* _Your assignment_: Please print the entries below exactly, from the line with "После двух новых" through the line with "Letter to Travel", including both of those lines and leaving out all others.

* _Information given_:
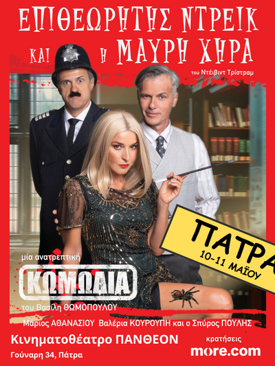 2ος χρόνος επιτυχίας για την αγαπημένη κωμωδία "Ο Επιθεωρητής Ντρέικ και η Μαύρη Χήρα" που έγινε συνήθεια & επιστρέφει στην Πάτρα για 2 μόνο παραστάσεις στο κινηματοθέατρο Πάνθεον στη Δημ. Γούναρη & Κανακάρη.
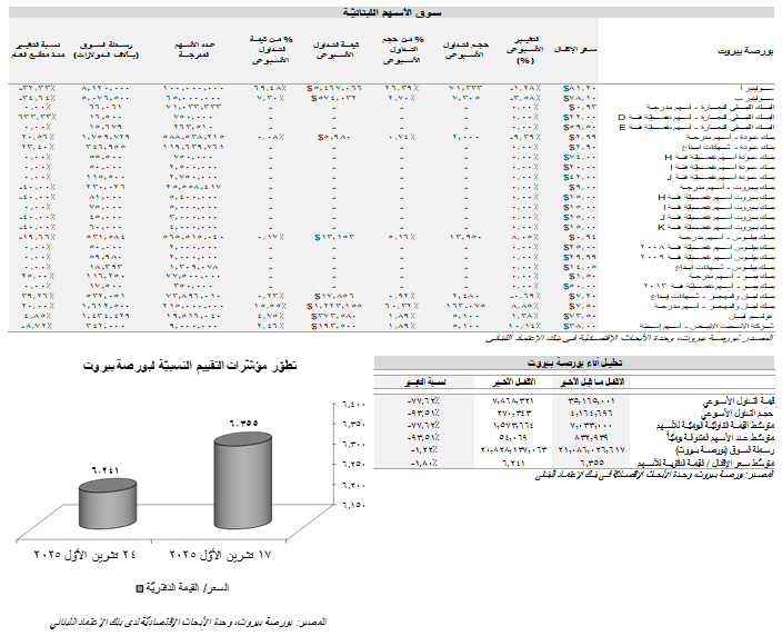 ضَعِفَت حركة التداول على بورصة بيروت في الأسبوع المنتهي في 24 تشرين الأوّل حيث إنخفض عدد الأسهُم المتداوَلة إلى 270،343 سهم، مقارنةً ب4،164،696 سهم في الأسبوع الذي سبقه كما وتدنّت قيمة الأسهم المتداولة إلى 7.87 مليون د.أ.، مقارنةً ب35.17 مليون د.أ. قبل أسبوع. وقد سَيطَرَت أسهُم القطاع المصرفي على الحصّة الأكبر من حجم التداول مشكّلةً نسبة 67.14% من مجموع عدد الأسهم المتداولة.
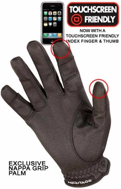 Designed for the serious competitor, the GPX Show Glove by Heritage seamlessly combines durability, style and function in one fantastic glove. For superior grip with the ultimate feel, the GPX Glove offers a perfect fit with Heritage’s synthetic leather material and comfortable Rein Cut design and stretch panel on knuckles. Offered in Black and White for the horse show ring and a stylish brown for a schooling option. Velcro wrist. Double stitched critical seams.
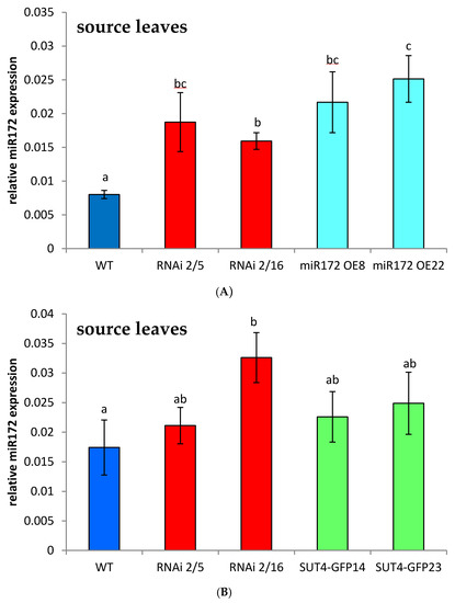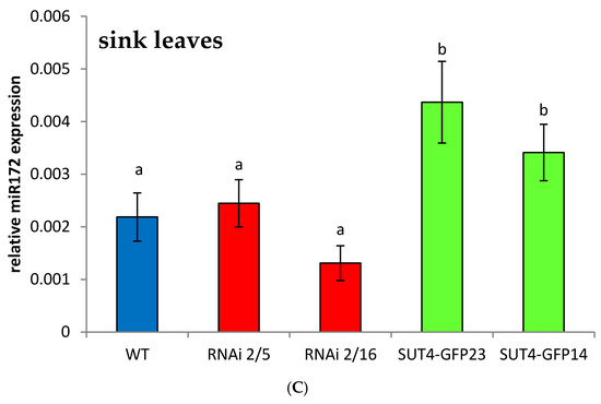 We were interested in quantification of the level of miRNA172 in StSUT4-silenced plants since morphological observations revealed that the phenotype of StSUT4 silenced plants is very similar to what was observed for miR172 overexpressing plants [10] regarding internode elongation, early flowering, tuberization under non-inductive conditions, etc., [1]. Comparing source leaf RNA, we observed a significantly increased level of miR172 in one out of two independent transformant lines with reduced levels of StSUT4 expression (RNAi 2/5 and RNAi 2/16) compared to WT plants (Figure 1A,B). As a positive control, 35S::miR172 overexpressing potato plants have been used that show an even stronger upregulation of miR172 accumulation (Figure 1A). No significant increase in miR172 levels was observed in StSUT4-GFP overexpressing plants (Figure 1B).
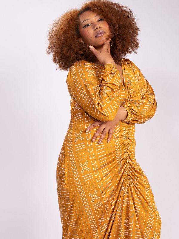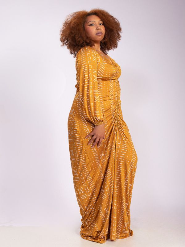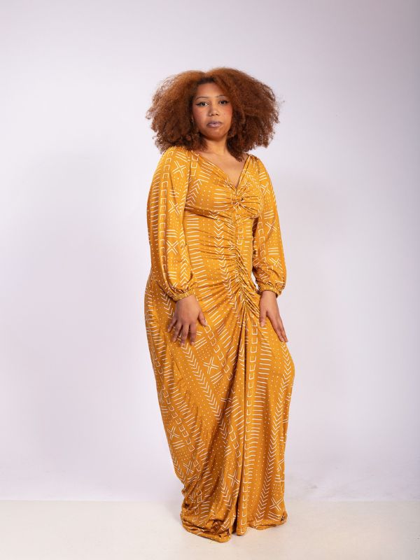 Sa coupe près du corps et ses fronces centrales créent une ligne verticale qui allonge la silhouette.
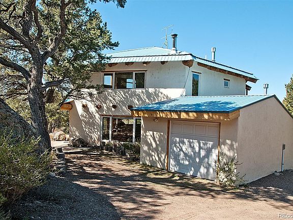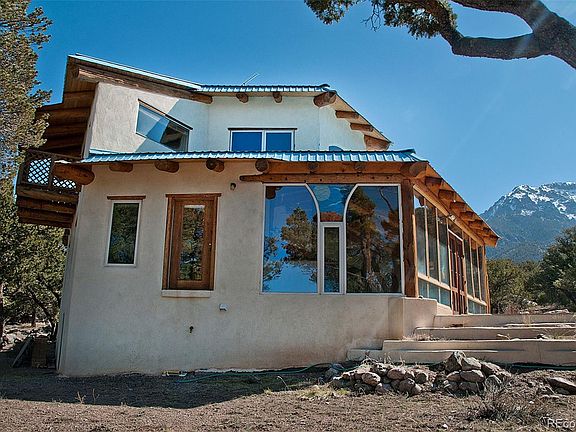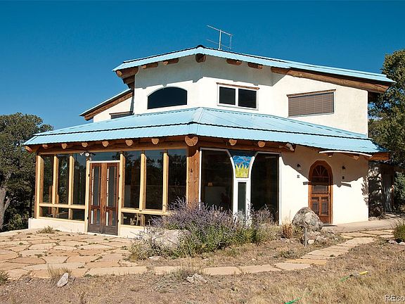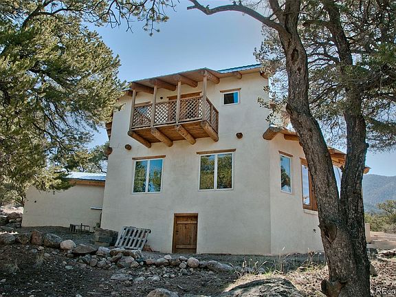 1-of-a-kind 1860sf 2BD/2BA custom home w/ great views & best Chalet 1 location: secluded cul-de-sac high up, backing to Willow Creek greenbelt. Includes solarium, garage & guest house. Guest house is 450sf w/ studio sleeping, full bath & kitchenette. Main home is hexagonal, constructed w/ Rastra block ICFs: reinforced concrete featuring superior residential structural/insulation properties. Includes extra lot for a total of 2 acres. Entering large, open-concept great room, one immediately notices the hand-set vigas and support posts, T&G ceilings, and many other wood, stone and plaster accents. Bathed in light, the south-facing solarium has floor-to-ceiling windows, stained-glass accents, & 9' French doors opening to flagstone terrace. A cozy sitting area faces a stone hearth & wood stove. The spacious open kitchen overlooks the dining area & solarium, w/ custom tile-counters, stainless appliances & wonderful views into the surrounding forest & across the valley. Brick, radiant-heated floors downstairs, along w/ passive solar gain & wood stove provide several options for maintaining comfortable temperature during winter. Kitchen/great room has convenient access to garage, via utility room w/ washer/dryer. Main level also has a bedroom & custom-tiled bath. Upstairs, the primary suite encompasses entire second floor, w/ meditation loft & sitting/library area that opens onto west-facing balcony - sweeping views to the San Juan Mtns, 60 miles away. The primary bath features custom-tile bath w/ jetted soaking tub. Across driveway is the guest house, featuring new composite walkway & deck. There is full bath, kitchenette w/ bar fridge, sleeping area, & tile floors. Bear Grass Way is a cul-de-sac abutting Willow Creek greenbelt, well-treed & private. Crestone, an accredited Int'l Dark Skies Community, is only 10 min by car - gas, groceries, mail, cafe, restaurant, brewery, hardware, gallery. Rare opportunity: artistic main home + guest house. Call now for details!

==

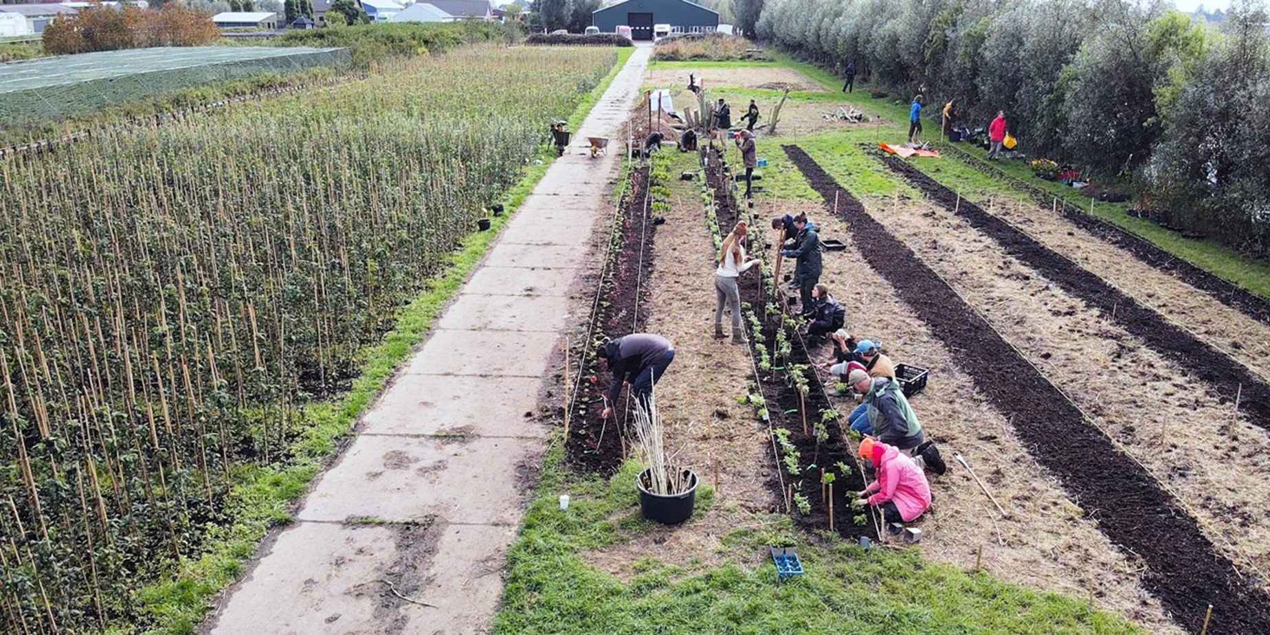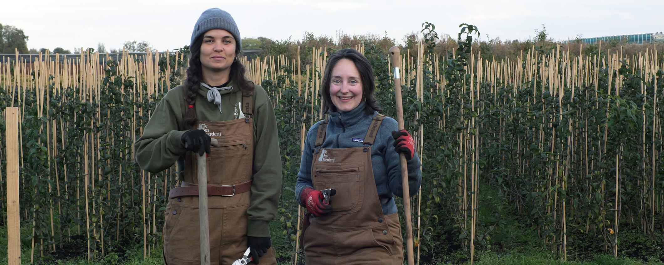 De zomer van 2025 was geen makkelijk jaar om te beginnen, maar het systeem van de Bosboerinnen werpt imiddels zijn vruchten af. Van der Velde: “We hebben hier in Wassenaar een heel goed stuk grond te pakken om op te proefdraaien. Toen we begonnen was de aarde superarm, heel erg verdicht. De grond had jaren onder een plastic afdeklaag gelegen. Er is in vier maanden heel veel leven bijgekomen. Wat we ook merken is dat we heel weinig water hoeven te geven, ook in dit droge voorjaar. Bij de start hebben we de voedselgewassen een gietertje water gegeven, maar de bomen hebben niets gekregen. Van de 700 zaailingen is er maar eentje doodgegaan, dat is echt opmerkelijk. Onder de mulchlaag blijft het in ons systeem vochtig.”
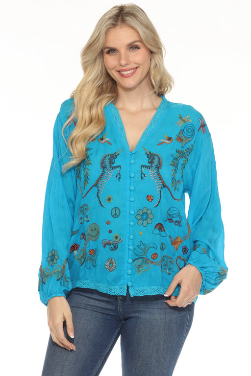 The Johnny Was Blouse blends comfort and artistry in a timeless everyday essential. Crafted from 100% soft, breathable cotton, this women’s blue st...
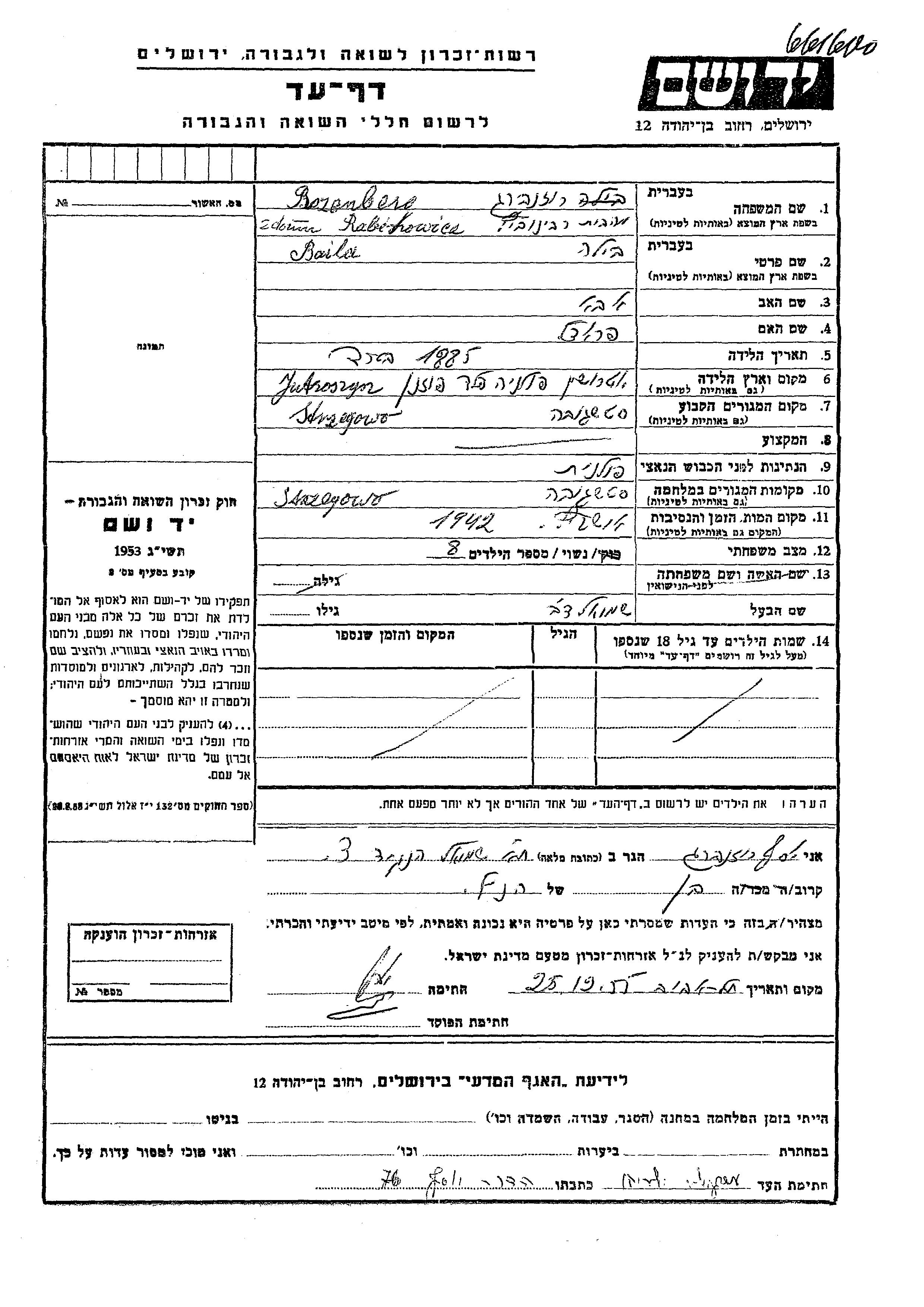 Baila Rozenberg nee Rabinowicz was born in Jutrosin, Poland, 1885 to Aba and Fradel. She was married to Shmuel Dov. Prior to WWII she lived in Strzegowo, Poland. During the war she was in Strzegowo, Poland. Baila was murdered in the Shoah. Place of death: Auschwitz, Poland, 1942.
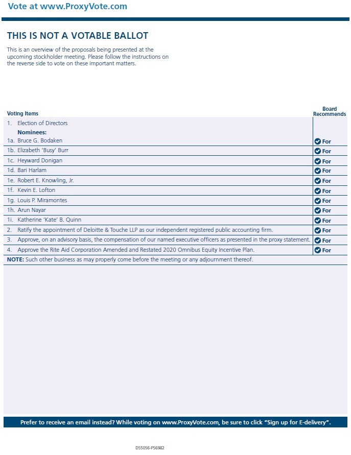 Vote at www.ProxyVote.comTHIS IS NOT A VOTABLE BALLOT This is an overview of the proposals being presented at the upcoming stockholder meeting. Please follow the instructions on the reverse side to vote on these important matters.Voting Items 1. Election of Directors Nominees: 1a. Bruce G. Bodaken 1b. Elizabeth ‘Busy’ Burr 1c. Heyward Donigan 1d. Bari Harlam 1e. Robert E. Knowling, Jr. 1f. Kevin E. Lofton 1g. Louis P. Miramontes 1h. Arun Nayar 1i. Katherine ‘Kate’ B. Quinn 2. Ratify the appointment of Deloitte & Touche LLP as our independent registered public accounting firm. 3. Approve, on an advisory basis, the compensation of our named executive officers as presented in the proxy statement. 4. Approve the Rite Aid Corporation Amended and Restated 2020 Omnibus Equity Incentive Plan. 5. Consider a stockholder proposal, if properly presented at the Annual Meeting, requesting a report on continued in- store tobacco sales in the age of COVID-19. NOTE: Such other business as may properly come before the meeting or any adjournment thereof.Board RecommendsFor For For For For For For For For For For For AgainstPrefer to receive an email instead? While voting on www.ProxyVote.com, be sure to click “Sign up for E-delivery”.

==

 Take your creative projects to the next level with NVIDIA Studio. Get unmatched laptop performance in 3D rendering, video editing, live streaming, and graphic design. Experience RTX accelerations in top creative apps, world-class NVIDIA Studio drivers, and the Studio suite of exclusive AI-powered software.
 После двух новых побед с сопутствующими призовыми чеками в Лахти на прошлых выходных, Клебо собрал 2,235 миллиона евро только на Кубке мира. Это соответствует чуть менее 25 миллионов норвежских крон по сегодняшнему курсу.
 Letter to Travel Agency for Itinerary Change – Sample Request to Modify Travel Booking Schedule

* _Reply to the exercise_:
 После двух новых побед с сопутствующими призовыми чеками в Лахти на прошлых выходных, Клебо собрал 2,235 миллиона евро только на Кубке мира. Это соответствует чуть менее 25 миллионов норвежских крон по сегодняшнему курсу.
 Letter to Travel Agency for Itinerary Change – Sample Request to Modify Travel Booking Schedule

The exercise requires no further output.